Rehineleri geri almanın tek yolunun anlaşmaya bağlı kalmak ve ikinci aşama için müzakerelere başlamak olacağını da sözlerine ekleyen bildiride, “Arabulucuları işgale anlaşma kapsamındaki yükümlülüklerini tüm aşamalarında yerine getirmesi için baskı yapmaya çağırıyoruz.” ifadesi kullanıldı.
Malların askıya alınmasıyla ilgili yorum yapan üst düzey Hamas yetkilisi Sami Ebu Zühri, Reuters’e verdiği demeçte, kararın ateşkes görüşmelerini etkileyeceğini ve grubunun “baskılara yanıt vermediğini” de sözlerine ekledi.
Soğukluk
Hırvat mevkidaşı ile düzenlediği basın toplantısında konuşan İsrail Dışişleri Bakanı Gideon Saar, Gazze’deki Filistinlilerin malları bedavaya alamayacağını ve rehinelerin serbest bırakılmasıyla ilgili daha fazla müzakerenin yapılması gerektiğini söyledi.
ABD’nin İsrail’in Gazze’ye mal girişini durdurma kararını “anladığını” ve görüşmelerdeki mevcut çıkmazdan Hamas’ı sorumlu tuttuğunu söyledi.
Gazze Şeridi’nin kuzeyindeki Beyt Hanun kasabasında sağlık görevlileri, İsrail’in insansız hava aracı ateşinde bir Filistinlinin öldüğünü, diğerinin yaralandığını söyledi. İsrail’den hemen bir yorum gelmedi.
Geçtiğimiz altı hafta boyunca, her iki taraf da diğerini anlaşmayı ihlal etmekle suçladı. Ancak tekrarlanan hıçkırıklara rağmen, ilk aşamada öngörülen rehine-esir değişimi tamamlanırken yerinde kaldı.
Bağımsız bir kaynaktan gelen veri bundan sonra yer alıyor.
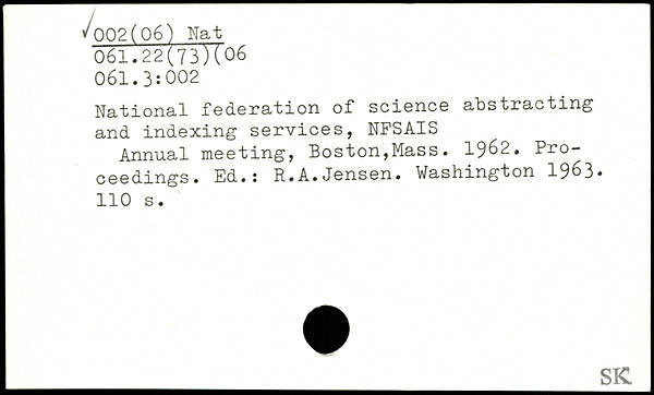 National federation of science abstracting and indexing services, NFSAIS Annual meeting, Boston,Mass. 1962. Proceedings. Ed.: R.A.Jensen.

Cumartesi günü, Hamas’ın silahlı kanadı Gazze’de hala gözaltında olan İsrailli rehineleri gösteren bir video yayınladı ve kalan rehinelerin ancak Ocak ayında başlayan aşamalı ateşkes anlaşmasında belirtildiği gibi bir takas anlaşmasıyla serbest bırakılabileceğini vurguladı.
Ancak, savaşın kalıcı olarak sona ermesi konusunda kilit alanlarda, Gazze’nin savaş sonrası yönetiminin nasıl bir biçim alacağı ve Hamas için gelecekte ne olacağı da dahil olmak üzere geniş boşluklar var.
Hamas’ın saldırısında 1.200 kişi öldü ve 251 kişi rehin olarak Gazze’ye alındı. İsrail’in Gazze’deki acımasız bombardımanı 48.000’den fazla Filistinliyi öldürdü, 2,3 milyon nüfusunun neredeyse tamamını yerinden etti ve yerleşim bölgesini çorak bir arazi haline getirdi.
İsrail, Hamas’ın Gazze’nin savaş sonrası geleceğinde hiçbir rol oynayamayacağı ve askeri ve yönetim yapılarının ortadan kaldırılması gerektiği konusunda ısrar ediyor. Ayrıca, otuz yıl önce Oslo anlaşmaları kapsamında kurulan ve işgal altındaki Batı Şeria’da sınırlı yönetişim uygulayan Filistin Yönetimi’ni Gazze’ye getirmeyi de reddediyor.
Hamas, 2007’den bu yana kontrol ettiği Gazze’yi yönetmeye devam etmekte ısrar etmeyeceğini, ancak gelecekteki yönetimin izlediği her konuda danışılması gerektiğini söyledi.
Konu, Trump’ın Filistin nüfusunu Gazze’den çıkarma ve kıyı bölgesini ABD mülkiyeti altındaki bir mülk projesi olarak yeniden geliştirme önerisiyle daha da karıştı.